Transcribe the listing exactly as written. Leave the images out.

> _Given information_:
******
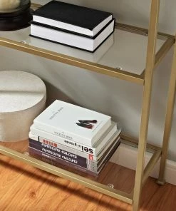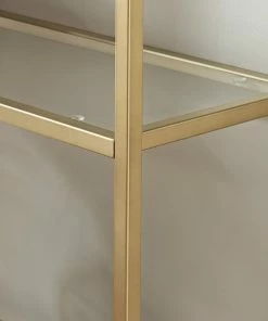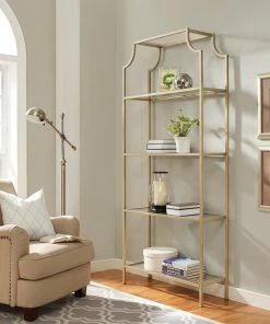 Provide your library the glamorous home it deserves with the Aimee Glass Etagere. A visually stunning piece of furniture this gold-finished piece offers four glass shelves of space that’s ideal for books and decor. For a little extra flair in your living space, the Aimee is a fine example of chic design and functional furnishing.
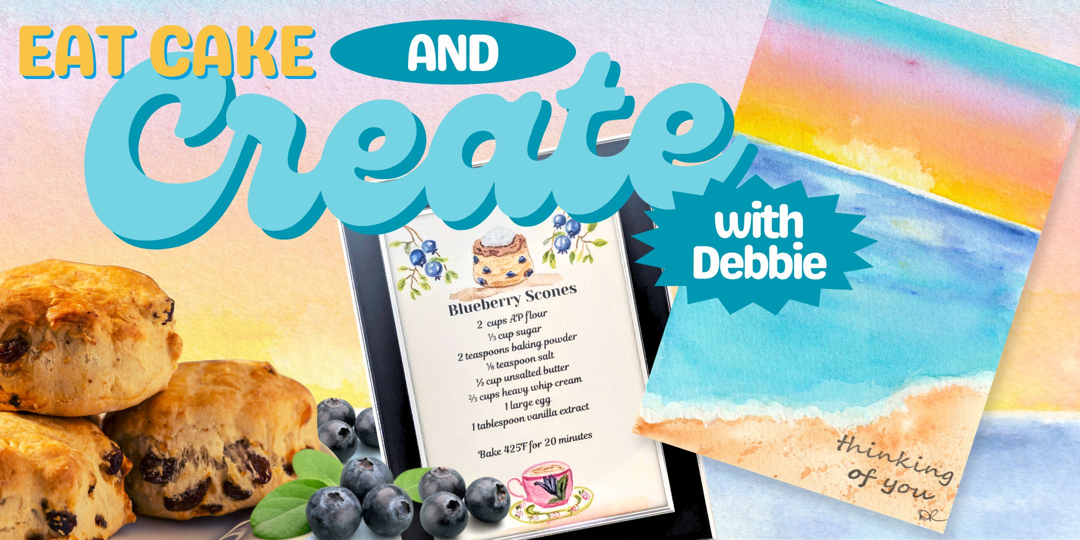 In this delightful watercolor workshop, you’ll paint a charming blueberry scone recipe card while enjoying a homemade scone. Then, shift your creativity to the coast as you design a hand-painted postcard inspired by ocean skies—choosing your own sunrise or sunset palette.
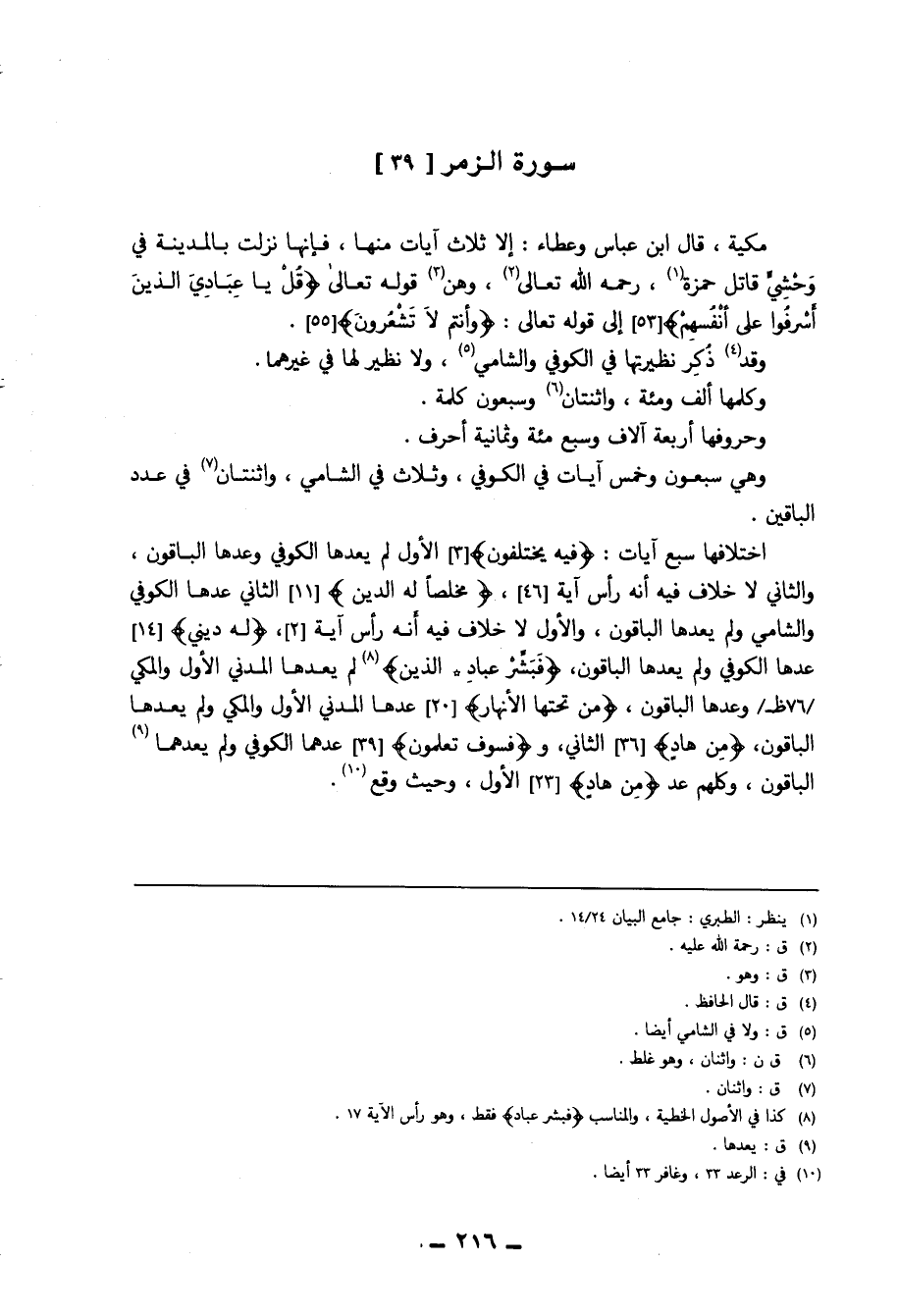 اختلافها سبع آيَات ( {فِيهِ يَخْتَلِفُونَ} ) الأول لم يعدها الْكُوفِي وعدها الْبَاقُونَ وَالثَّانِي لَا خلاف فِيهِ أَنه رَأس آيَة ( {مخلصا لَهُ الدّين} ) الثَّانِي عدهَا الْكُوفِي والشامي وَلم يعدها الْبَاقُونَ وَالْأول لَا خلاف فِيهِ أَنه رَأس آيَة ( {لَهُ ديني} ) عدهَا الْكُوفِي وَلم يعدها الْبَاقُونَ ( {فبشر عباد الَّذين} ) لم يعدها الْمدنِي الأول والمكي وعدها الْبَاقُونَ ( {من تحتهَا الْأَنْهَار} ) عدهَا الْمدنِي الأول والمكي وَلم يعدها الْبَاقُونَ ( {من هاد} ) الثَّانِي و ( {فَسَوف تعلمُونَ} ) عدهما الْكُوفِي وَلم يعدهما الْبَاقُونَ وَكلهمْ عد ( {من هاد} ) الأول وَحَيْثُ وَقع
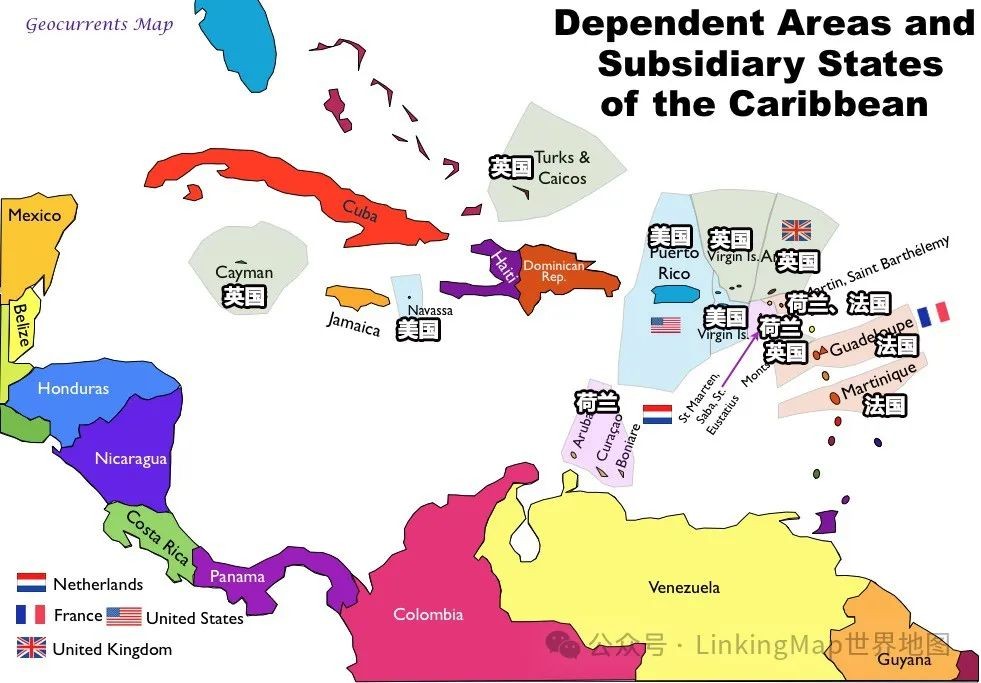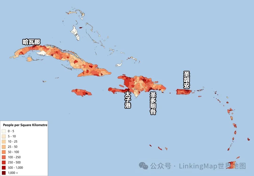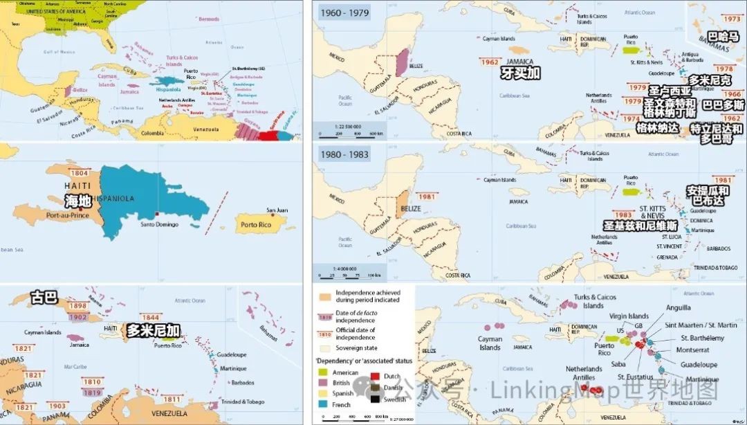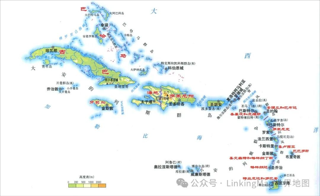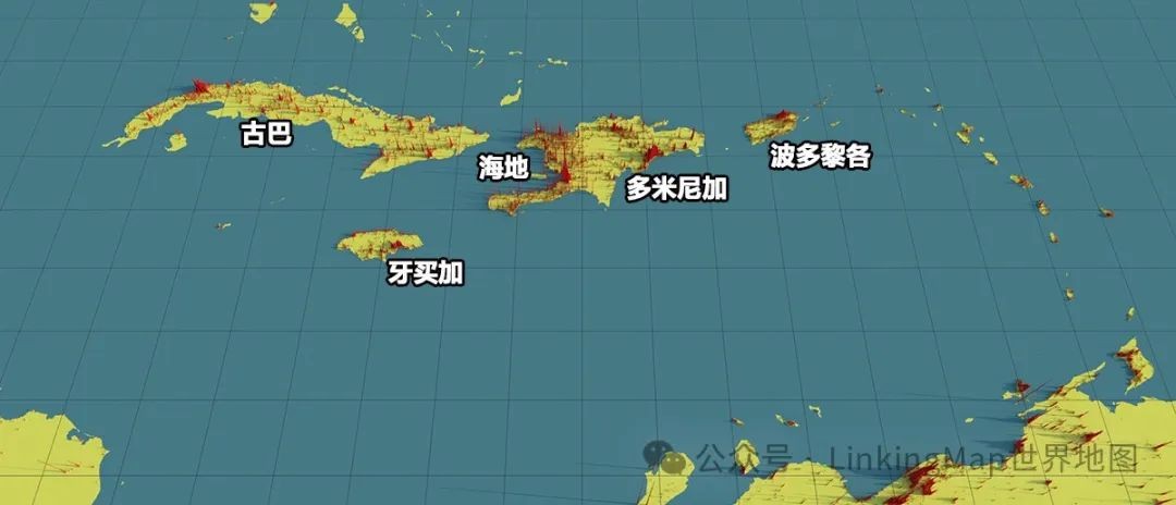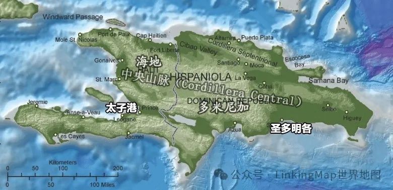 ▲伊斯帕尼奥拉岛:分属海地、多米尼加两国,拥有加勒比海岛屿最高峰(海拔超过3000米)。历史上这里建立了西班牙在的第一个殖民地和历史最悠久的欧洲城市,19世纪初,岛上建立起拉美殖民后的第一个独立共和国,也是历史上第一个黑人共和国——海地
******
> _Output of the exercise_:
 Provide your library the glamorous home it deserves with the Aimee Glass Etagere. A visually stunning piece of furniture this gold-finished piece offers four glass shelves of space that’s ideal for books and decor. For a little extra flair in your living space, the Aimee is a fine example of chic design and functional furnishing.
 In this delightful watercolor workshop, you’ll paint a charming blueberry scone recipe card while enjoying a homemade scone. Then, shift your creativity to the coast as you design a hand-painted postcard inspired by ocean skies—choosing your own sunrise or sunset palette.
 اختلافها سبع آيَات ( {فِيهِ يَخْتَلِفُونَ} ) الأول لم يعدها الْكُوفِي وعدها الْبَاقُونَ وَالثَّانِي لَا خلاف فِيهِ أَنه رَأس آيَة ( {مخلصا لَهُ الدّين} ) الثَّانِي عدهَا الْكُوفِي والشامي وَلم يعدها الْبَاقُونَ وَالْأول لَا خلاف فِيهِ أَنه رَأس آيَة ( {لَهُ ديني} ) عدهَا الْكُوفِي وَلم يعدها الْبَاقُونَ ( {فبشر عباد الَّذين} ) لم يعدها الْمدنِي الأول والمكي وعدها الْبَاقُونَ ( {من تحتهَا الْأَنْهَار} ) عدهَا الْمدنِي الأول والمكي وَلم يعدها الْبَاقُونَ ( {من هاد} ) الثَّانِي و ( {فَسَوف تعلمُونَ} ) عدهما الْكُوفِي وَلم يعدهما الْبَاقُونَ وَكلهمْ عد ( {من هاد} ) الأول وَحَيْثُ وَقع
 ▲伊斯帕尼奥拉岛:分属海地、多米尼加两国,拥有加勒比海岛屿最高峰(海拔超过3000米)。历史上这里建立了西班牙在的第一个殖民地和历史最悠久的欧洲城市,19世纪初,岛上建立起拉美殖民后的第一个独立共和国,也是历史上第一个黑人共和国——海地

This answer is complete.